For some people, completely avoiding the food they crave may make these cravings worse. This can lead to overeating or feeling miserable without that food. In this case, it may be better to satisfy the cravings with a small, portion-controlled treat.
It can help to put this treat at the end of a healthful habit, such as going for a walk or completing an exercise routine.
If a person is prone to binge eating, a better option is to replace the craving altogether.
How to replace cravings
In some cases, people can easily satisfy their food cravings by choosing a more nutritious option.
Alternatives for some of the most common foods that people crave include:
Potato chips: To avoid potato chips, replace them with a salty snack that is higher in healthy fats and protein, such as cashews and walnuts. Nuts are high in calories, however, and people should eat them in moderation. Popcorn is also a good replacement for potato chips.

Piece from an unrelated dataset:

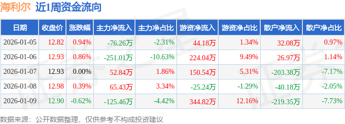 资金流向数据方面,本周海利尔主力资金合计净流出334.47万元,游资资金合计净流入738.34万元,散户资金合计净流出403.87万元。本周资金流向一览见下表: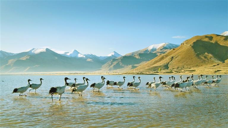 黑頸鶴作為高原上的珍稀鳥類,是拉薩與林周生態環境中的重要組成部分。它們優美的身姿和悠揚的叫聲,成為這片土地上不可或缺的生態符號。中國野生動物保護協會科學考察委員會副主任委員、北京林業大學博士研究生導師李連成說:“拉薩地區作為黑頸鶴重要的越冬地,得到了當地政府部門和社會各界的高度重視,黑頸鶴越冬種群數量不斷增加,活動區域不斷擴大。2022年的調查數據顯示,拉薩地區的黑頸鶴越冬種群數量約為3375只,其中林周縣有2938只。目前,新一輪針對林周縣黑頸鶴越冬種群數量的調查工作正積極推進中。”

Chocolate: Cravings for chocolate may be a need for magnesium, and some people find they can satisfy the craving by eating magnesium-rich foods, such as almonds. If nothing but chocolate will do, opt for dark, milk-free chocolate that contains at least 70 percent cocoa. The intensity of dark chocolate makes it easier to feel satisfied with less.
Candy or pastries: Sugar cravings can be easily satisfied with whole fruits, such as peaches, cherries, or melon. Keeping dried fruits, such as prunes or raisins, on hand may also be helpful for combatting cravings on the go.
Soda: Sparkling water with a squeeze of fruit juice or a slice of orange can replace a craving for soda. It provides a similar feeling to soda but has fewer calories and no caffeine.
Cheese: Cheese cravings may be helped beforehand by purchasing low-fat and low-sodium cheeses. Some people also like nutritional yeast on their food, which has a savory, cheesy flavor and fewer calories than cheese. Nutritional yeast is rich in B-complex vitamins and folic acid, and is often fortified with vitamin B12.